The space science research program will begin with the hiring of a new faculty member in electrical and computer engineering with expertise in ground-based and/or space-based science instrument development. The faculty member will develop research and teaching programs specifically in radio science, upper atmospheric physics, and aeronomy that complement Virginia Tech’s existing efforts in these scientific areas.

Virginia Tech has two faculty members with research efforts in theoretical studies and numerical modeling of upper atmospheric space physics and space environmental effects. Adding a new faculty member to this effort will provide a critical mass of faculty working in the space science area, greatly strengthening existing research efforts.

Plans also are underway for the creation of a space science instrument laboratory. With this new facility, Virginia Tech will be able to compete much more effectively for funding in space science and future space exploration missions, significantly increasing research opportunities in both space science and space technology at Virginia Tech.

The new space science program also will support Virginia Tech’s nationally known programs in wireless telecommunications, power systems engineering, remote sensing, advanced space propulsion, and spacecraft dynamics and control -- all of which utilize space science. This effort will be complemented by the creation of a Ph.D. specialization in space science in electrical and computer engineering and aerospace and ocean engineering, which will increase the number of graduate students available to conduct research in space science.

Several new courses will be developed in collaboration with the new faculty member in order to have a clearly defined space science track within electrical and computer engineering and aerospace and ocean engineering. The new courses being planned include: Fundamentals of Space Science, Numerical Methods for Space Physics, Space Science Instrumentation, and Spacecraft Environment Interactions. This initiative is well timed and strongly supported by the College of Engineering and the university given the recent affiliation with the National Institute of Aerospace, a consortium of universities established in 2002 to develop excellence in research and education in a spectrum of aerospace related areas of study, including space science. Other member universities include Georgia Tech, University of Maryland, University of Virginia, North Carolina State, Hampton University, and North Carolina A&T State.

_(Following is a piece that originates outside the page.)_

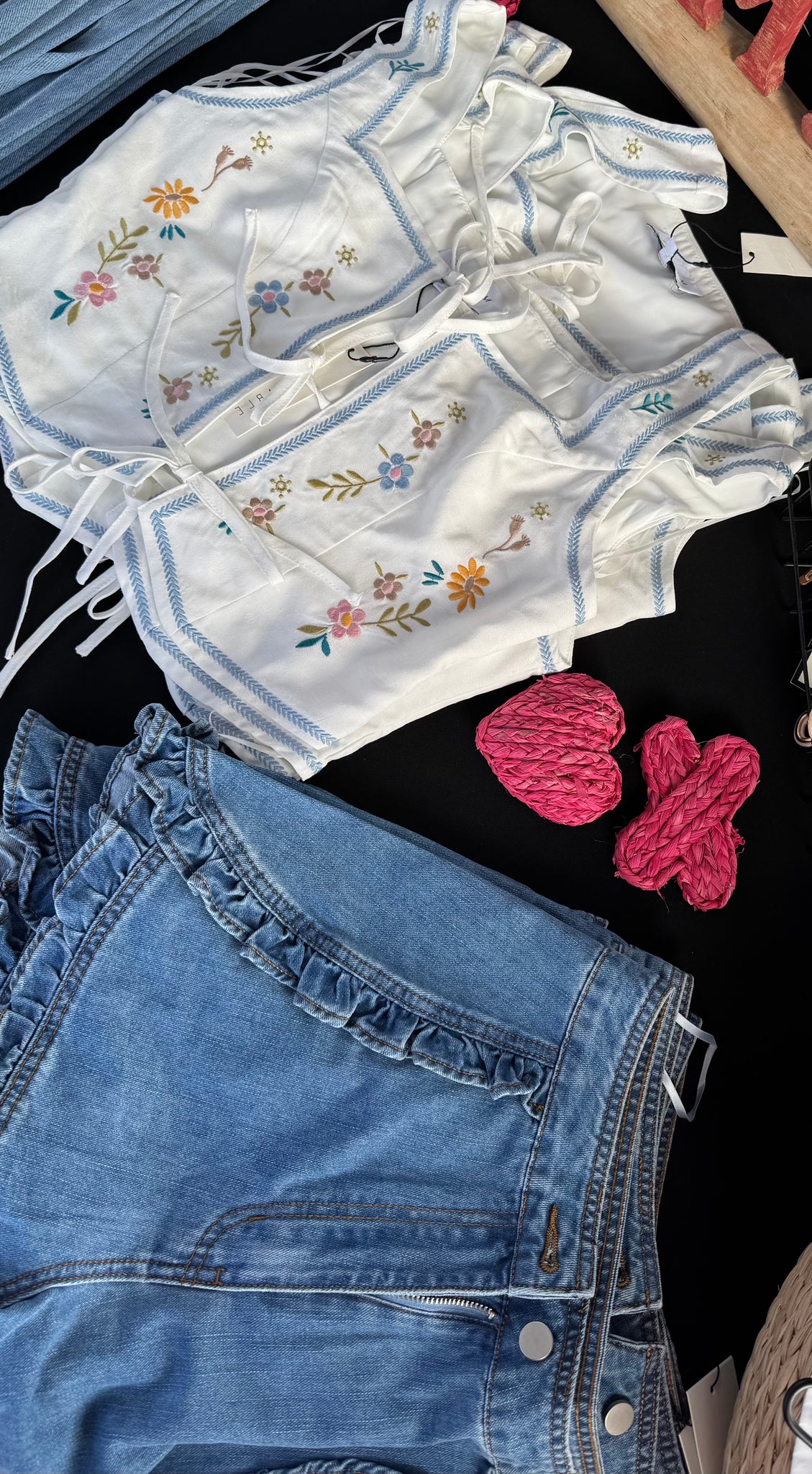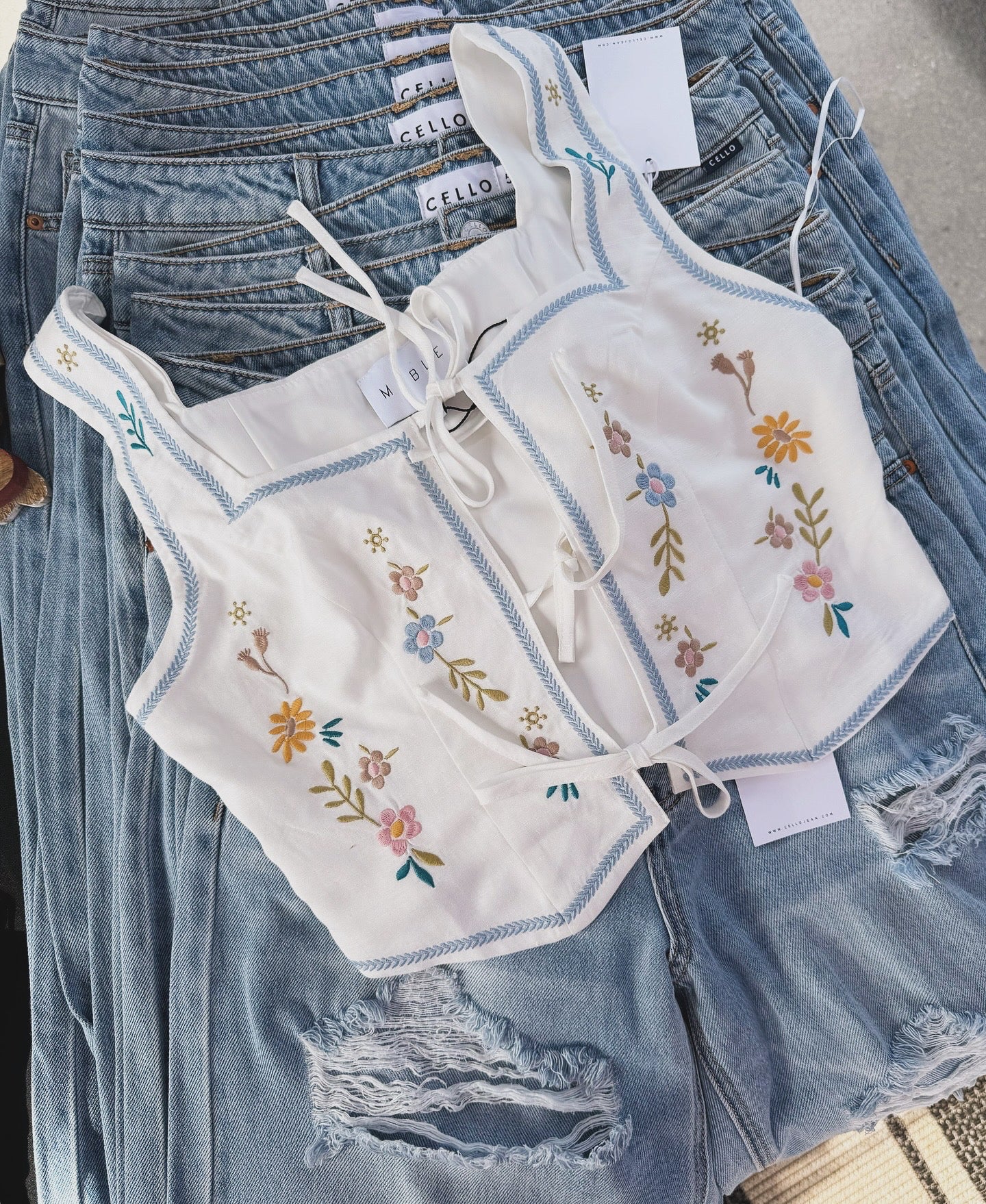 Maisie floral embroidery self tie top

To further support the new program, Virginia Tech has long standing relationships with the Space Plasma Physics Branch at the Naval Research Laboratory, NASA Goddard Space Flight Center, NASA Langley Research Center, Los Alamos National Laboratory, and the Jet Propulsion Laboratory. The relatively close proximity of the university to a number of these leading government space science research laboratories will help strengthen new collaborative efforts in space science.